Una ‘tread’ su Twitter con John Isner protagonista ha di nuovo scatenato polemiche per i punti di vista del tennista statunitense, dichiarato repubblicano e sostenitore del Presidente Donald Trump, contro le misure protettive che il mondo ha dovuto prendere per ridurre la diffusione di infezione da SARS-CoV-2.
L’ex top-10 stava guardando una partita di NFL, la lega di Football statunitense, e si lamentava di come i coach a bordo campo fossero costretti a usare mascherine definendo il tutto una sorta di teatrino. A un utente che gli ha risposto “chiunque dovrebbe indossare le mascherine” ha risposto con un breve messaggio: “Brainwashed”, a indicare che gli fosse stato fatto il lavaggio del cervello.
È un contesto banale, l’affermazione di per sé non è troppo rilevante se non fosse però che questo pensiero è in linea con quello di una cerchia molto grande di persone che ancora oggi rifiutano di adottare rimedi per ridurre la diffusione del contagio. Lo scontro tra negazionismi e persone disposte a seguire i protocolli sanitari, negli Stati Uniti, è forse qualcosa di molto più grande rispetto a ogni altro paese e i dati quotidiani che vengono da oltre oceano hanno reso “normalità” avere oltre 200.000 casi di infezioni e numeri di morti che si aggirano sui livelli da un 11 settembre al giorno.

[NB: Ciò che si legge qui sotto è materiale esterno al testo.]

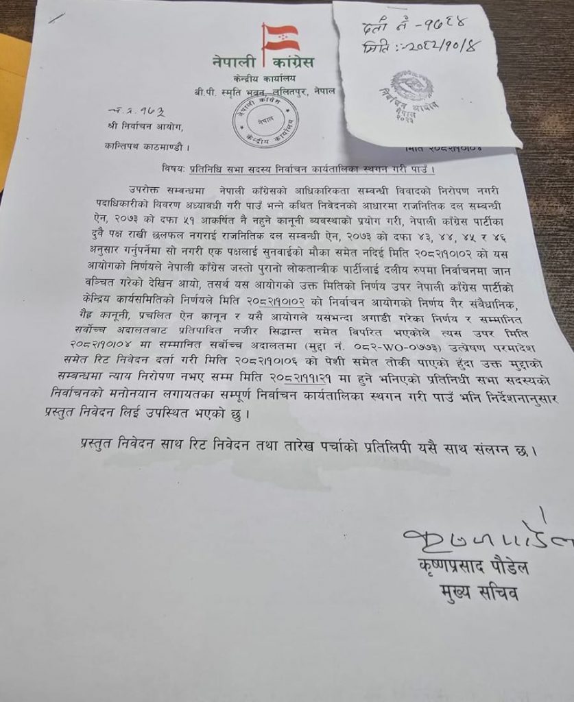 पार्टी कार्यालयका मुख्यसचिव कृष्णप्रसाद पौडेल र पूर्वमहान्यायधिवक्ता खम्बबहादुर खाती र अधिवक्ता केशवराज जोशीले निर्वाचन आयोग पुगेर निर्वाचन कार्यक्रम स्थगनको निवेदन दर्ता गराएका छन्।

Lo stesso Isner in estate si era rivolto con tono sprezzante anche contro diversi che storcevano il naso per un’esibizione organizzata e aperta al pubblico, la prima dopo la pausa del 3 marzo, in uno degli stati più a rischio per la velocità con cui il covid-19 si diffondeva e soprattutto dopo le tante polemiche nate dall’Adria Tour a giugno. Isner, replicando, chiamò “coronabro” chi non era d’accordo, dicendo che potevano anche continuare a nascondersi nei loro seminterrati mentre le persone intorno decidevano di vivere la loro vita.

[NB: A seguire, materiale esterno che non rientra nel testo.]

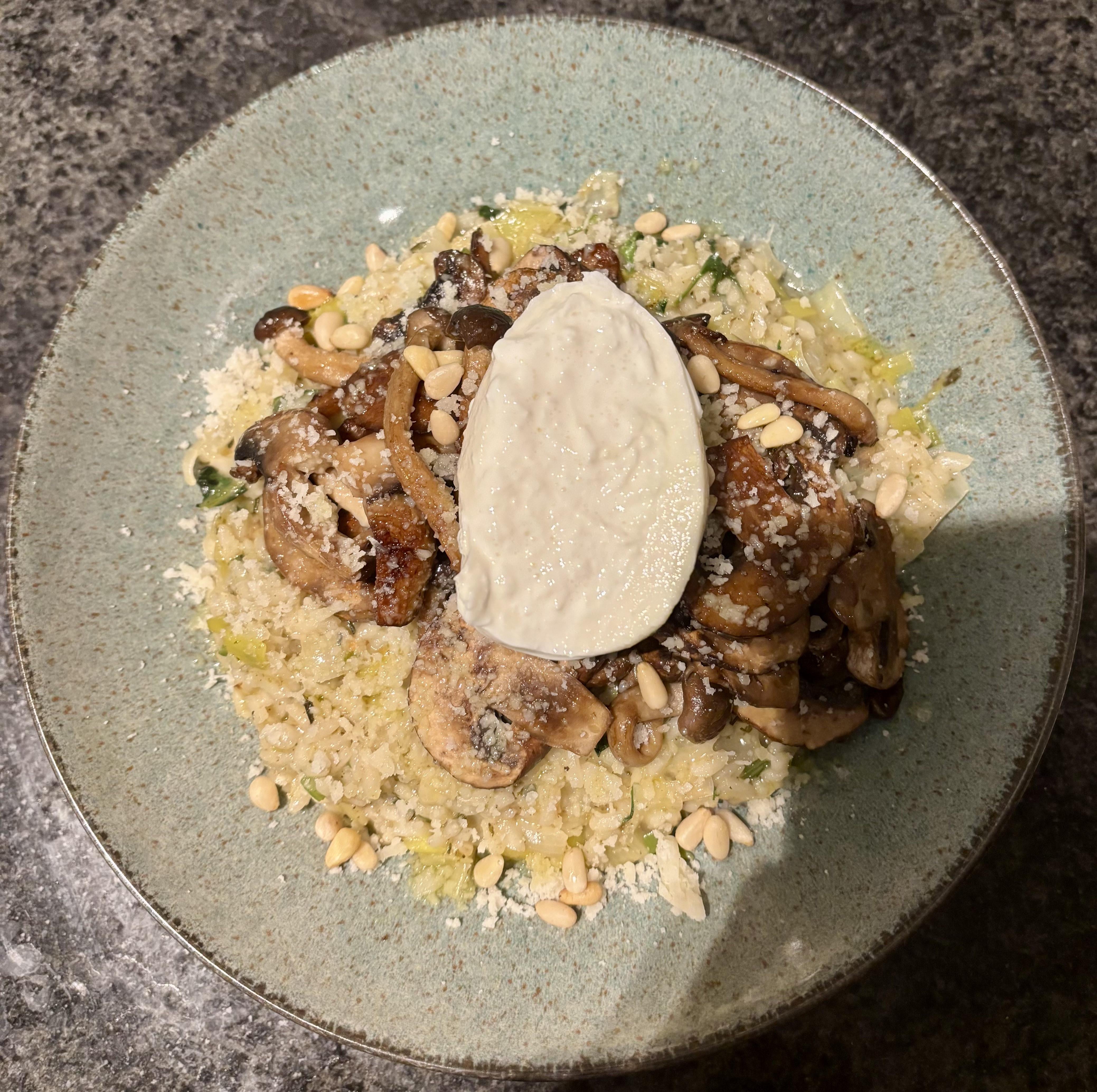 I made a white wine risotto with truffle oil, mushrooms, burrata, pine nuts, pecorino and parmigiano reggiano 🍽️

Come detto, però, questi atteggiamenti di Isner in termini di visioni politiche non sono una novità. Tra l’altro una decina di giorni era fa al matrimonio di Jack Sock con decine di invitati e nessuno che rispettasse le norme sanitarie. E tra una ventina di giorni dovrà dirigersi a Melbourne. La città australiana è uno dei simboli di come un lockdown duro e l’obbligo di mascherine abbiano drasticamente ridotto i rischi di infezione. Dopo oltre tre mesi, da fine ottobre la capitale di Victoria non fa registrare casi a livello locale. Ci sono al momento 12 casi attivi, tutti rilevati da persone che entravano da altri stati (come il Nuovo Galles del Sud, da cui c’è obbligo di quarantena dopo il focolaio a nord di Sydney), o da oltre oceano.
Isner sarà chiamato a rispettare 14 giorni di quarantena come tutti, ma la rabbia di tanti utenti che lo hanno criticato nasceva dall’atteggiamento irresponsabile che sta avendo in questi mesi, ovvero quanto gli australiani ora non vogliono avere a che fare dopo aver investito energie (anche e soprattutto mentali) per uscire da 111 giorni di chiusure ed essere tornati a una condizione vivibile malgrado alcune restrizioni (come le stesse mascherine) siano ancora in corso per i luoghi più affollati o quando è impossibile mantenere la distanza di sicurezza.